All that is wanted is the exact text of the lines below from the one with "A discussion about" through the one with "为进一步学习党的二十大精神,贯彻总体国家", inclusive, minus any pictures.

> **Extracted entries**:
*** Begin section ***
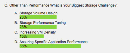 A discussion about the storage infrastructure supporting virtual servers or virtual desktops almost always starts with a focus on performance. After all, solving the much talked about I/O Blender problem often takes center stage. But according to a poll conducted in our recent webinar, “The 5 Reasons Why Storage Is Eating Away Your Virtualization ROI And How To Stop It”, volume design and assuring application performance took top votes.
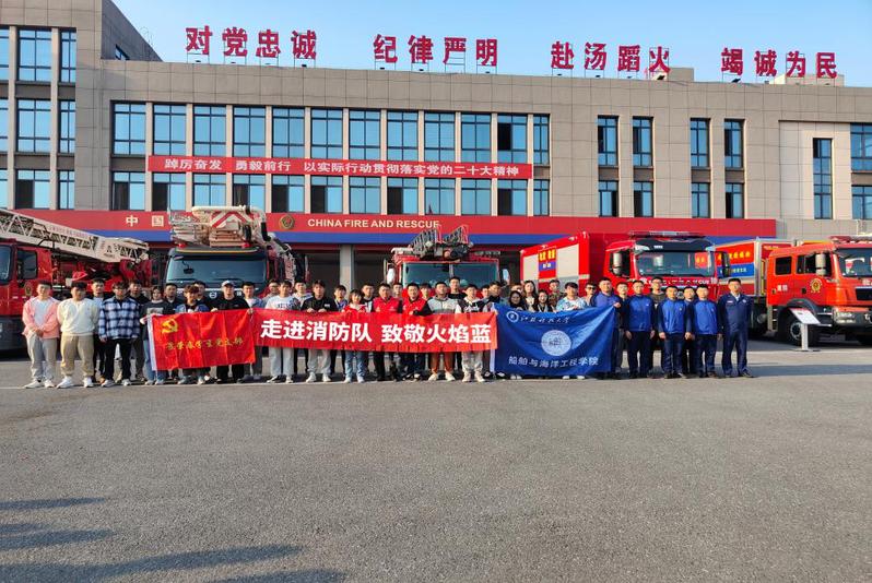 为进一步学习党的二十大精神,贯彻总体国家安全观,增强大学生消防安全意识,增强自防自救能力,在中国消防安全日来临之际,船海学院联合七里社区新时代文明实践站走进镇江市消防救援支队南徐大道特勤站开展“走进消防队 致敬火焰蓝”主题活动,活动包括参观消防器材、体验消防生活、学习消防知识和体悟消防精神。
*** End section ***
*** Begin section ***
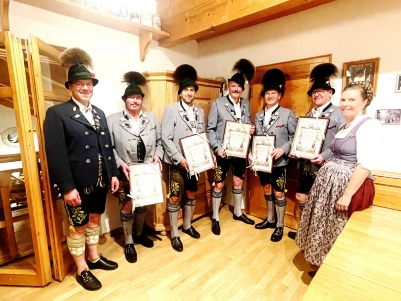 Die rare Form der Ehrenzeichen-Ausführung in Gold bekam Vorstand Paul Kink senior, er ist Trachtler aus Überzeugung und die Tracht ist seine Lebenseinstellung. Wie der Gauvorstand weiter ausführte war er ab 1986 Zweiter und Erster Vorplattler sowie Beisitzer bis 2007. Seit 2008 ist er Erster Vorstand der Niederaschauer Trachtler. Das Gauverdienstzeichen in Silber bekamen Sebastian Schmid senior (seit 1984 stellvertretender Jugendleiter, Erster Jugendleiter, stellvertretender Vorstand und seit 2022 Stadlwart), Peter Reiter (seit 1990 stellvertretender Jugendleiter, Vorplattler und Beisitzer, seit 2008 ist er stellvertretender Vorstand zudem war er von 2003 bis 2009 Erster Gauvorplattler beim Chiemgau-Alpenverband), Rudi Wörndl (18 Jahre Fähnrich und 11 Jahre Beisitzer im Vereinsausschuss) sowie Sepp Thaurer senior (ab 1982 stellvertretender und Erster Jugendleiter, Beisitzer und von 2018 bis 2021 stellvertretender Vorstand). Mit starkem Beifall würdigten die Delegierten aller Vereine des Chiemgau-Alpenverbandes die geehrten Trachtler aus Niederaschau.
*** End section ***
*** Begin section ***
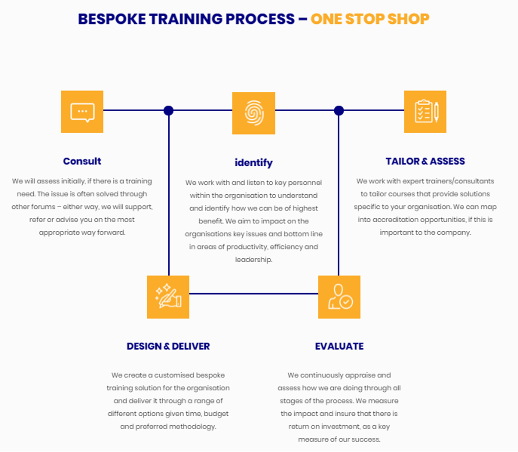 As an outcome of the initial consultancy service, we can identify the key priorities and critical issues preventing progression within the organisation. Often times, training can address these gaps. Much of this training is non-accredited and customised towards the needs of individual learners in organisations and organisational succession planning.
*** End section ***
> **Result for this task**:
 A discussion about the storage infrastructure supporting virtual servers or virtual desktops almost always starts with a focus on performance. After all, solving the much talked about I/O Blender problem often takes center stage. But according to a poll conducted in our recent webinar, “The 5 Reasons Why Storage Is Eating Away Your Virtualization ROI And How To Stop It”, volume design and assuring application performance took top votes.
 为进一步学习党的二十大精神,贯彻总体国家安全观,增强大学生消防安全意识,增强自防自救能力,在中国消防安全日来临之际,船海学院联合七里社区新时代文明实践站走进镇江市消防救援支队南徐大道特勤站开展“走进消防队 致敬火焰蓝”主题活动,活动包括参观消防器材、体验消防生活、学习消防知识和体悟消防精神。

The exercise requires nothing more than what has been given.